A company’s ability to avoid downtime and power outages in the face of natural disasters, international or domestic terror threats and large scale theft or security threats is the backbone of their survival. As demonstrated during 2012’s Hurricane Sandy storm, relying on human power and remote server backup systems is not enough for business continuity planning. It is simply inadequate. Forrester Research estimates the cost per hour of outages for businesses at $110,000. A single day of downtime can cost a company upwards of $2 million in lost revenue and expense. Therefore, a fool proof, reliable and thoroughly planned and tested business continuity plan is critical.

What are considered the best practices for business continuity in today’s IT world? Below we have listed and explored the top five business continuity best practices.

Five Best Practices for Business Continuity:

1. Automate Everything: Far too many businesses are still relying on manual, human powered recovery systems. Remote data and power centers are the leading business continuity plan. The problem with this strategy is that it relies on employees and business owners being able to access their remote facilities. In the event of a serious and widespread disaster or terror threat, these centers are often simply inaccessible. If your staff cannot get to the remote data centers, they are rendered ineffective.

2. Recognize That Virtual Systems Fail: Companies with virtual storage, servers and desktops are a significantly lower risk for downtime and devastating outages. These virtualized systems enjoy an increased level of protection from outages – but they are not failure proof. Overlooking the possibility of failure in your virtualized systems is setting your business up for failure. Plan for the unlikely and employ a backup strategy.

3. Test ALL Plans: A business continuity plan is the critical first step in ensuring your business’s survival through a natural disaster. But, it is still a first step. The best laid plans are often full of unexpected holes. Testing each and every step of a business continuity plan is vital to ensuring its effectiveness. Will this plan hold up under extreme conditions? The only way to know is to test. According to a Symantec study, an alarming 22 percent of businesses have never tested their continuity plan. An additional 22 percent admit to testing their plans no more than once a year. Quarterly testing is key. Test all systems and run any critical applications before crisis hits.

4. Consider Location Carefully: A 2012/2013 Consumer Economics report states that more than 60 percent of American companies with a net worth of over $50 million have more than one remote data center. Therefore, it reasons, that 40 percent of midsized companies are operating with a single remote recovery center. Where is it located? How easily accessible is it during extreme circumstances and what is the size of the region it is expected to service in a crisis situation? These are all factors a company should consider when deciding upon recovery options. Furthermore, companies with a single remote data storage facility are advised to utilize cloud based data storage options to further reduce the risk of downtime during crisis situations.

5. Prioritize to Avoid Overspending: For large companies, the data recovery needs are enormous. A thorough, full scale business continuity plan is critical. However, equally critical is a full scale analysis of the most important software, applications and data storage needs. Continuity spending should start with these vital applications. Allocating funds to non-crucial applications can cost businesses millions in misused expenses. Identify your core business applications. Allocate funds to securing these first. Then, with additional funds, secure less vital applications and servers.

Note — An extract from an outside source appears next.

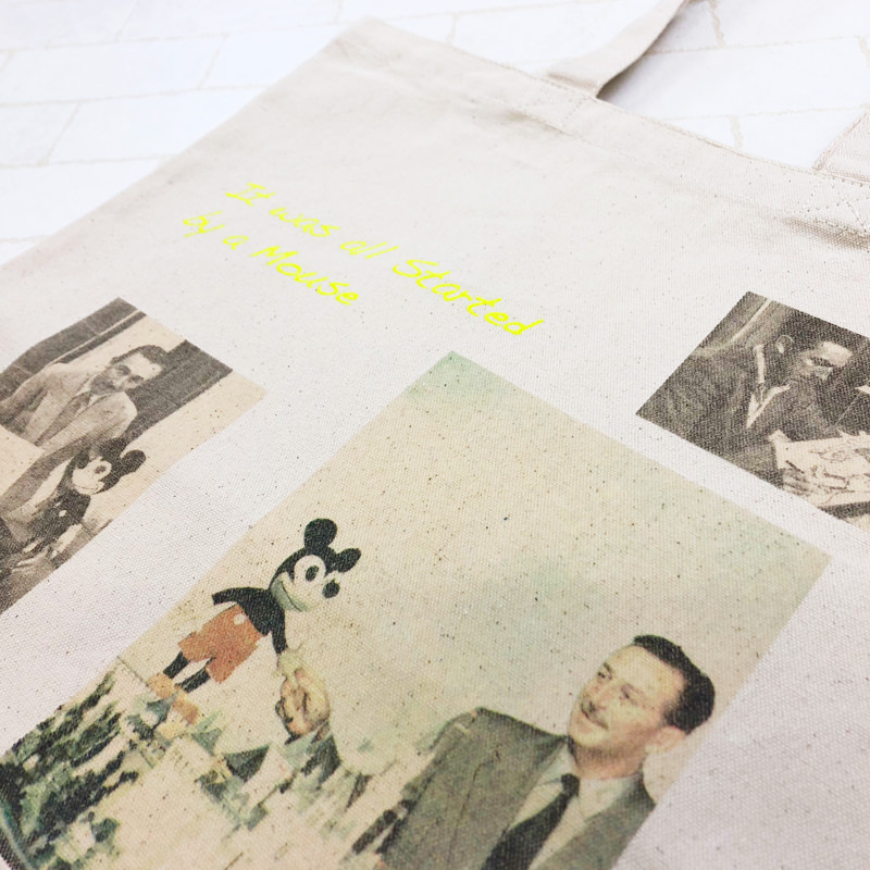 ウォルト・ディズニーと「ミッキーマウス」のレトロな写真がプリントされています☆

A company’s lifespan depends on an effective business continuity plan. Utilize the five best practices outlined here as a jumping off point to creating a full scale, thorough disaster plan for your company.

What is a Business Continuity Plan?

A business continuity plan is a plan to continue operations if a business is impacted by a disaster which can anything ranging from a power outage to a flood that makes the workplace inaccessible to a fire that destroys it completely. A good business continuity plan will explain how a business can either get back on its feet following a disaster – this can include utilizing an alternate location or enabling workers to work remotely in these cases.

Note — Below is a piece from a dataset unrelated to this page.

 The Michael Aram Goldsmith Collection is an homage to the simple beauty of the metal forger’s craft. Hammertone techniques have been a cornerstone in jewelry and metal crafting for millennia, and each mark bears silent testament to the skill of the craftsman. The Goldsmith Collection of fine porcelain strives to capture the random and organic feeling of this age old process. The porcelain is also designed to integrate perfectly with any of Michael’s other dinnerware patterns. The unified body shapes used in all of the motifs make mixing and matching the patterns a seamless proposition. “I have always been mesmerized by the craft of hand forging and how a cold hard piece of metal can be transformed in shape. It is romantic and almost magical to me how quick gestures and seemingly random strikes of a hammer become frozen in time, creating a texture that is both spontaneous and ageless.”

Elements that should be included in a business continuity plan include:

Storing IT infrastructure in an Enterprise Data Center – having IT equipment in a data center is a best practice for many reasons, as there are many redundancies in place for power and networking issues that are almost impossible to replicate in a normal office environment. But in a disaster scenario, having these applications in a data center as opposed to just another office can be the difference between smooth sailing and catastrophe, as a large scale disaster can easily take both your main office and your satellite branch offline. Be sure to consider a data center that is ranked highly by the Uptime Institute, ideally a Tier IV facility. A Tier IV facility has redundancies in place to minimize the risk of any type of outage you may experience. Tier V data center facilities include redundant cooling, power, and networking infrastructure to ensure the absolute minimum downtown, no matter what happens. These facilities will normally advertise an uptime of 99.995%.

Backups – by having data backed up in an alternative location, ideally a data center, a business can rest at ease in the fact that a complete data loss isn’t possible. This is very important as 64% of IT professionals say a data loss is literally a life or death scenario for a small company, (according to research by Spiceworks and Carbonite). For best results, having the option to use these backups to spin up in a cloud server is important as it gives companies the ability to dramatically reduce downtime in comparison to just relying on a backup recovery alone.

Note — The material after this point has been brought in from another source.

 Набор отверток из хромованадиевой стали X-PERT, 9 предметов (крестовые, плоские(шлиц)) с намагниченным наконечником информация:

Remote Access – having the ability to access documents, applications, and server infrastructure from anywhere in the world dramatically reduces the impact that a disaster can have on your workplace. After all, if employees can access the tools they need to work remotely, having the workplace offline won’t impact productivity at all. If you have already moved your IT infrastructure into a data center, then this is covered, though some additional plans may need to be made for things such as employee workstations.